Aim of the task:
With any pictures left out, restate word for word the lines in the listing below from the one holding "复审/李晓海 黄韬 终审/赵小芳)" through the last.

Source data:
..............................
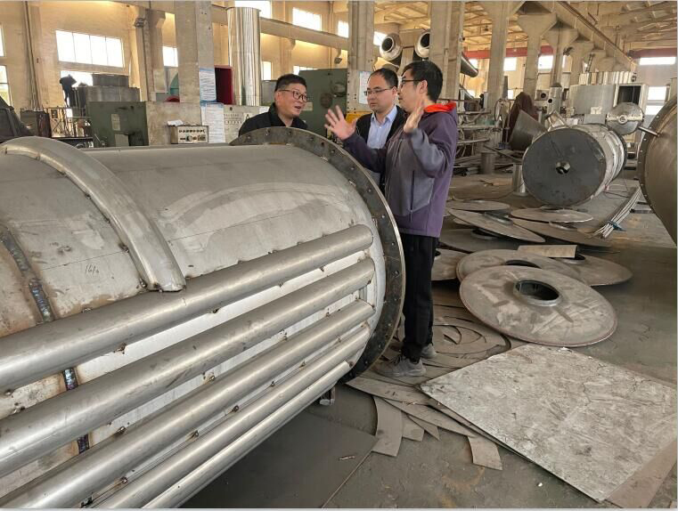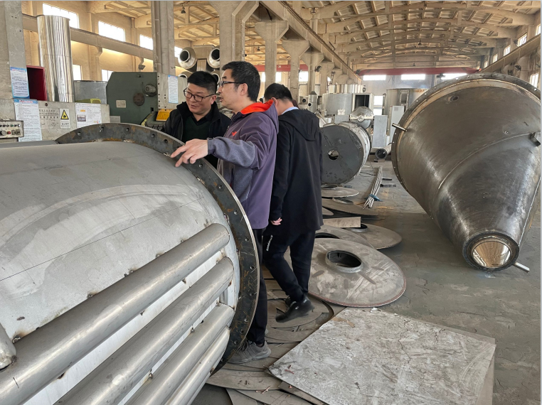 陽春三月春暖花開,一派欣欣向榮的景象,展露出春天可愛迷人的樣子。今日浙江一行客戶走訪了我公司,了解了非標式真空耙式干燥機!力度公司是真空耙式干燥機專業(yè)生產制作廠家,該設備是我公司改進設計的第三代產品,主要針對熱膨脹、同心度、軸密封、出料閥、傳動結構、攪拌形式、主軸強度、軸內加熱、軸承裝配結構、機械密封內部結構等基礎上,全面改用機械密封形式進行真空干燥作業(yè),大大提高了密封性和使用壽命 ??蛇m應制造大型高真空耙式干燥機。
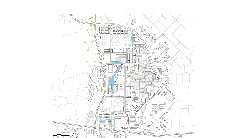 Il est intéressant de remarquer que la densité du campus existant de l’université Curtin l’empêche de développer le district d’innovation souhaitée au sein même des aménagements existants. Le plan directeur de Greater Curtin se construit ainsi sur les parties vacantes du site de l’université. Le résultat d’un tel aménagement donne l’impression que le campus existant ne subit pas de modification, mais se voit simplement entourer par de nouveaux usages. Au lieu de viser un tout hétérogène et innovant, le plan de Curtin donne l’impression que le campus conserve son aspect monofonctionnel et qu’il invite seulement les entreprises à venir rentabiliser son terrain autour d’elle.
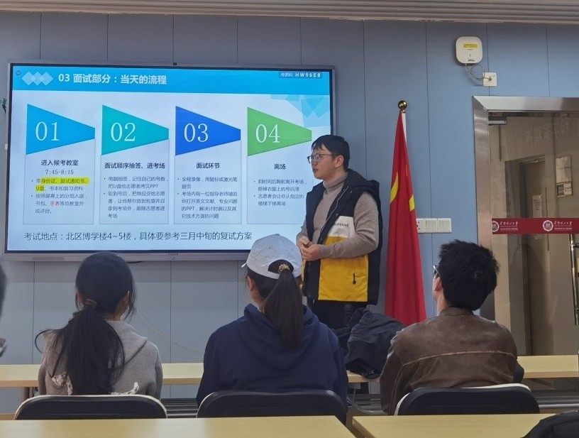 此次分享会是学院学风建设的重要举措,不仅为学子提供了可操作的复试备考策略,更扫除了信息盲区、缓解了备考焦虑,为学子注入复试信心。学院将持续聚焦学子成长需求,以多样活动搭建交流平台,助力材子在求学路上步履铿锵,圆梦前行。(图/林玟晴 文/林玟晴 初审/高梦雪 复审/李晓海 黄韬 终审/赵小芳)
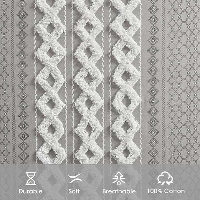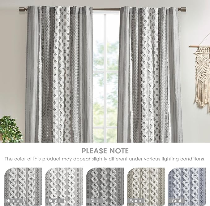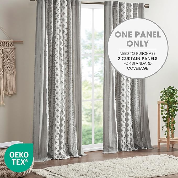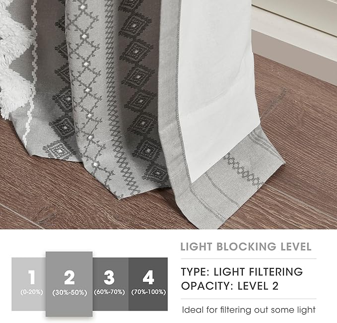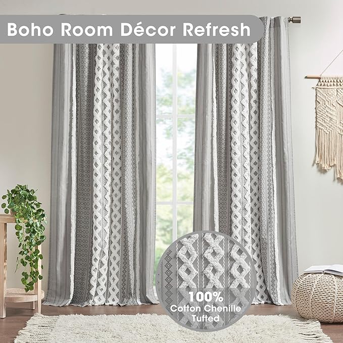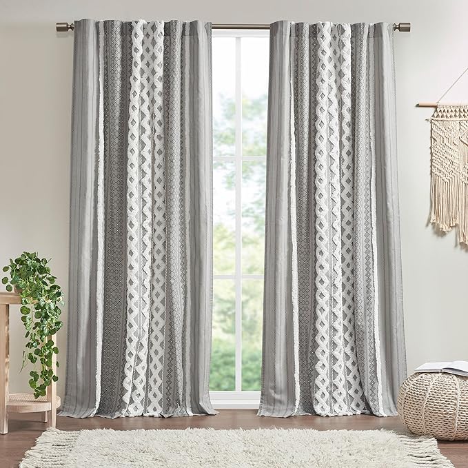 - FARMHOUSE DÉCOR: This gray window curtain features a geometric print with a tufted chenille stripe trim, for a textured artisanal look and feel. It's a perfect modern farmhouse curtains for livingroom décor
..............................
Completed exercise:
 此次分享会是学院学风建设的重要举措,不仅为学子提供了可操作的复试备考策略,更扫除了信息盲区、缓解了备考焦虑,为学子注入复试信心。学院将持续聚焦学子成长需求,以多样活动搭建交流平台,助力材子在求学路上步履铿锵,圆梦前行。(图/林玟晴 文/林玟晴 初审/高梦雪 复审/李晓海 黄韬 终审/赵小芳)
 - FARMHOUSE DÉCOR: This gray window curtain features a geometric print with a tufted chenille stripe trim, for a textured artisanal look and feel. It's a perfect modern farmhouse curtains for livingroom décor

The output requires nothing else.